Steffen Enzmann muss gleichzeitig einsehen, dass seine Drohungen nicht stark genug sind, der König kann entkommen und das resultierende Minusmaterial wird ihm zum Verhängnis.

Nach 5:59 Stunden: Helmut Kalepky konnte während der Partie zwei Bauern einsammeln und rennt mit 2 Springern und 2 Bauern gegen Läufer und Springer an. Schwierig, denn sein Gegner schafft es, seinen Läufer gegen einen Bauern zu opfern. Nach ein paar weitern Zügen ist klar: Auch der zweite Bauer wird das Feld verlassen müssen. Helmut bleibt auf seinen beiden Springern sitzen, mit denen er noch auf einen Fehlzug des Gegners in Richtung Matt spekuliert... was dieser allerdings zu vermeiden weiß. Sehr schade!
Endstand 4:4 - alles in allem ein Punkt, der einige Fragen offen lässt: In der Tabelle bleibt das Team auf Rang 9 und in akuter Abstiegsgefahr. Andererseits ein Auswärtspunkt mit dezimierter Mannschaft und tollem Kampfgeist, der im Abstiegskampf noch Berge versetzen kann.

 

3. Mannschaft

Am gleichen Tag konnte die 3. Mannschaft beim Auswärtsspiel bei Sfr. Mainz III nichts zählbares ernten. Mit Sfr. Mainz III wartete auch ein sehr starker Gegner. Auf Heidesheimer Seite mussten gleich zwei Stammspieler ersetzt werden – die Vorzeichen waren nicht gut.

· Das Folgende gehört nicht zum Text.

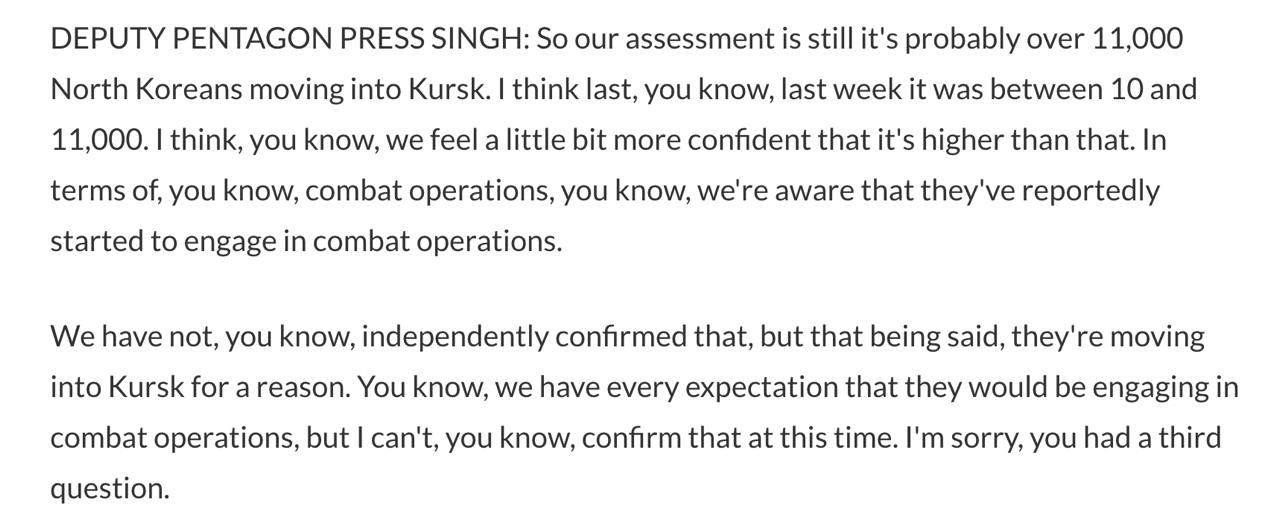 "Мы знаем, что они, как сообщается, начали участвовать в боевых операциях. Мы не получили независимого подтверждения этого, но они направляются в Курск по какой-то причине. У нас есть все основания полагать, что они будут участвовать в боевых действиях, но я не могу подтвердить это в данный момент", - заявила на брифинге представителя Минобороны Сабрина Сингх.
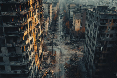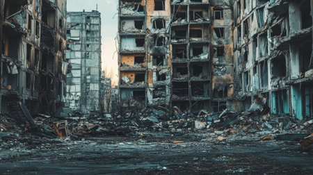 This image captures the haunting remnants of a deserted urban landscape, showcasing crumbling buildings and debris that evoke a sense of abandonment and decay.
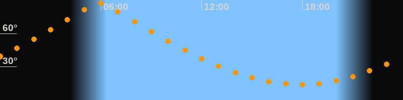 | Höchster Stand (Kulmination) | 05:53 Uhr (h = 87,4°) |
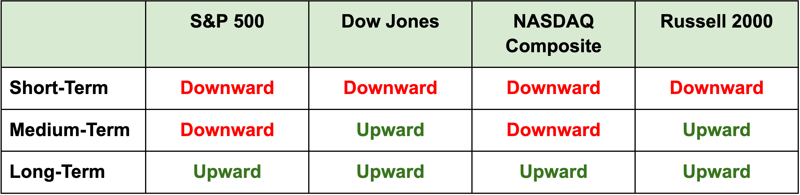 Note: All indexes closed lower to close last week as recession fears increased. The short-term directions for the Dow and the Russell 2000 flipped downward. All long-term directions remain solidly upward so far, however.
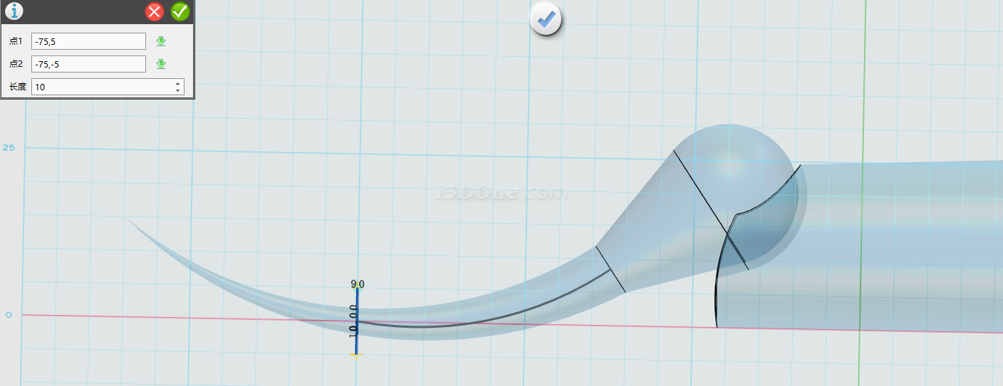 在网格平面上绘制草图,图像如图所示:
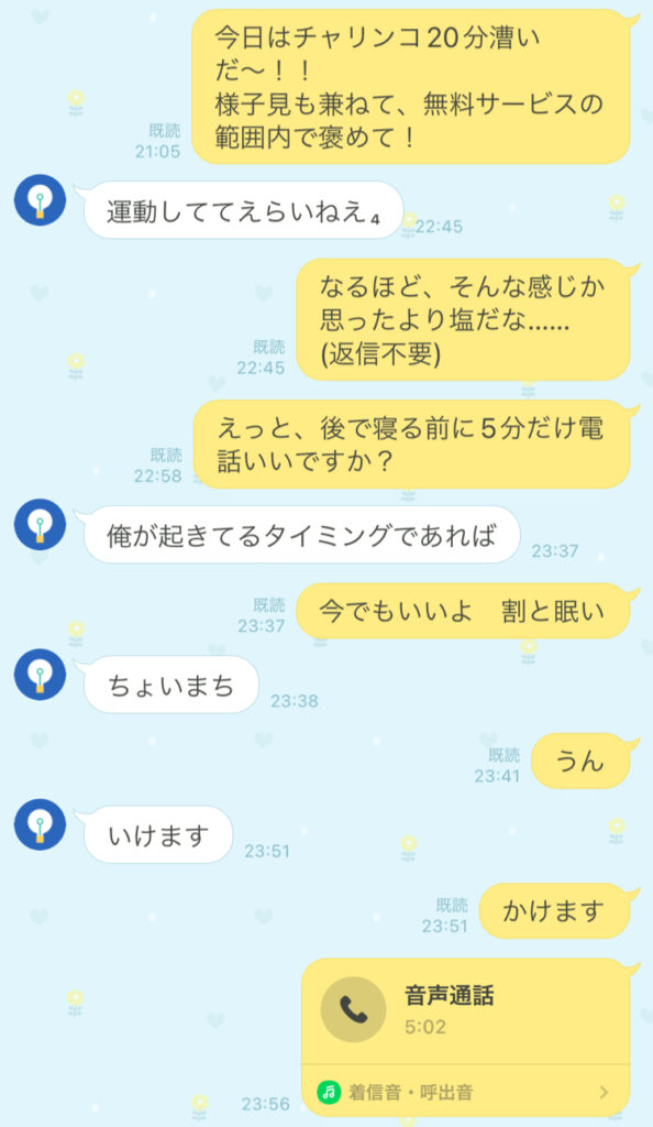 とりあえず初日は様子見で、と思い5分間の通話を依頼。
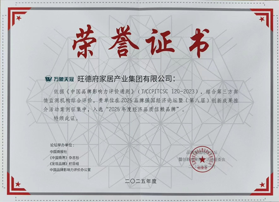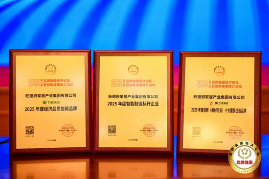 憑借在家居建材行業的持續深耕與突破性創新實踐,旺德府家居集團及旗下核心品牌萬象板材、萬象天冠高端實木全屋定制,從眾多參選企業中脫穎而出,一舉摘得品牌強國“2025年度智能制造標桿企業”、“2025年度創新(板材行業)十大國民優選品牌”、“2025年度經濟品質信賴品牌”三項重磅榮譽,為集團高質量發展的品牌進階之路再添濃墨重彩的一筆。
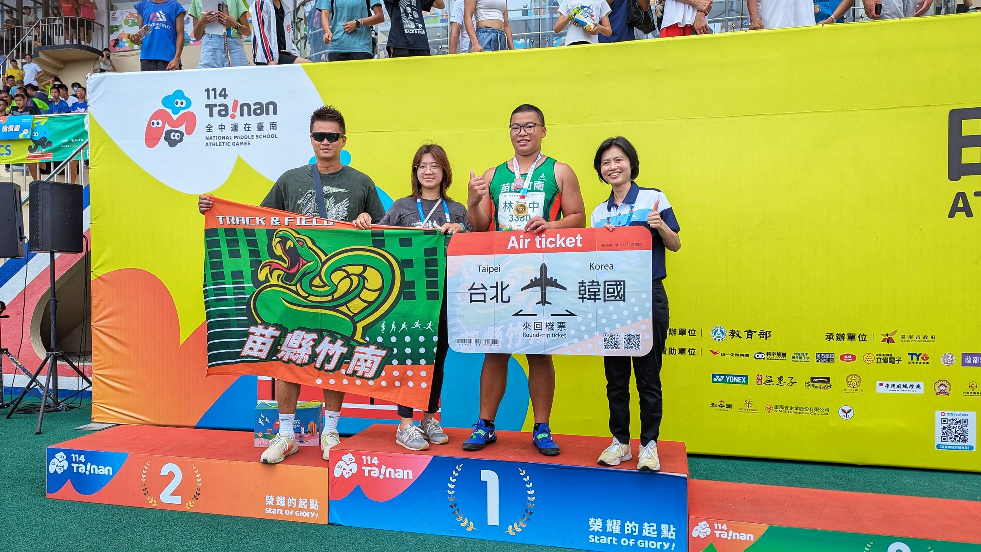 114 年全國中等學校運動會(全中運)田徑項目今(4 月 20 日)於台南市立體育場正式開賽,在首日登場的國中男子組鐵餅決賽中,由苗栗縣竹南國中選手林建中以 49.07 公尺的成績勇奪金牌,成為本屆全中運田徑首面金牌得主。
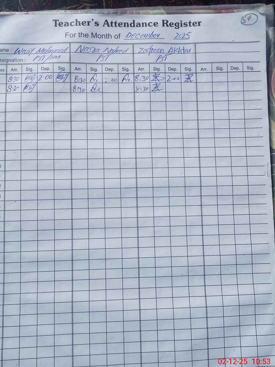 | CNIC | Full Name | Designation | R/C | Absence During Last Calender Month |
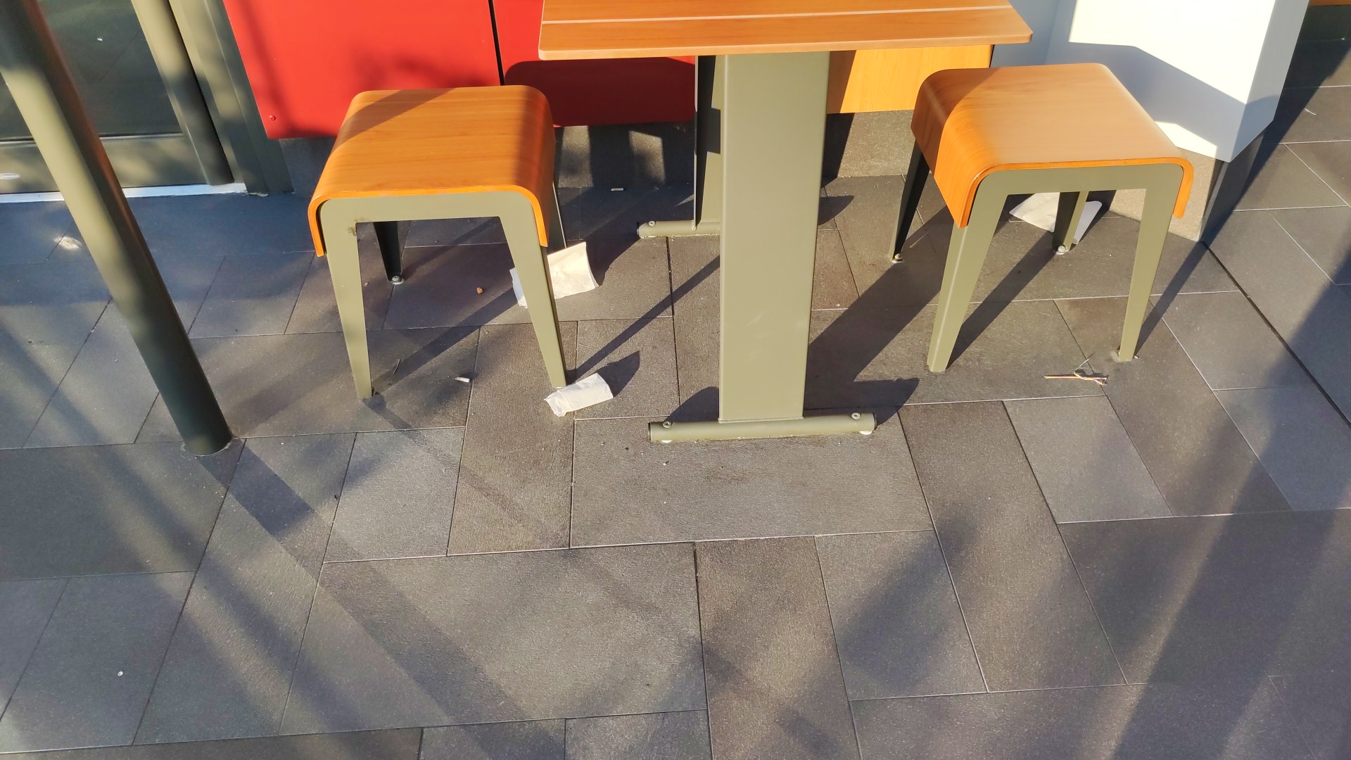Mc Donald très sale.. 🤢 Toutes les tables ne sont pas nettoyer on as du faire tout le tour pour en trouver une propre
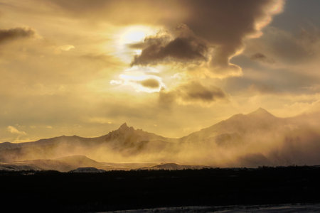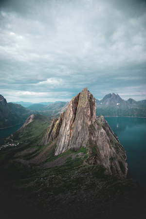 The breathtaking scenery of the mountain of Segla under a cloudy sky in a mysterious evening

Zum Spielverlauf: Zu Beginn kamen alle in gewohnte Stellungen und die Partien wurden heiß umkämpft.

Um ein Uhr nahm Heinz Kirsch in festgefahrener Stellung ein Remis an. Die Lage auf den sieben  übrigen Brettern war unklar.

Nico Brahmer übersah gegen einen fast übermächtigen Gegner in einer starken Partie ein taktisches Motiv und stellte einen Springer und in der Folge die Partie ein.

Zum Verdruss der Heidesheimer hatte sich das Blatt auch an den Brettern 6-8 gedreht und in kurzem Abstand nacheinander mussten sich Daniel Lantzsch und die Ersatzspieler Hans Köllmer und Simon Kirsch nach harter Gegenwehr geschlagen geben. Nun stand es um 13.30 0,5:4,5 und es war klar, dass nichts mehr zu holen war. So betrieben die letzten drei Spieler nur noch Ergebniskosmetik:

Manfred Faldums Gegner opferte eine Leichtfigur, um einen Königsangriff zu bekommen, der schief ging, jedoch konnte Manfred den Vorteil im Endspiel nicht ummünzen - Remis.

Stefan Faldums Gegner war in einer schlechteren Stellung wie gelähmt und schaffte nicht mehr die 40 Züge – Sieg auf Zeit für Stefan, aber die Stellung wäre für seinen Gegner ohnehin nicht mehr zu retten gewesen.

Martin Konrath ging mit extremen Zeitvorteil in die letzten 10 Züge, sein Gegner fand jedoch weiterhin die richtigen Züge. Nachdem die Wogen sich geglättet hatten, einigte er sich mit seinem Gegner auf Remis.

Endstand 2,5:5,5 - man kann sagen, dass an diesem Tag nicht mehr drin gewesen ist. In den nächsten Partien gegen Landskrone und Gau-Algesheim wird sich zeigen, ob die Heidesheimer nach dem Aufstieg die Klasse halten können.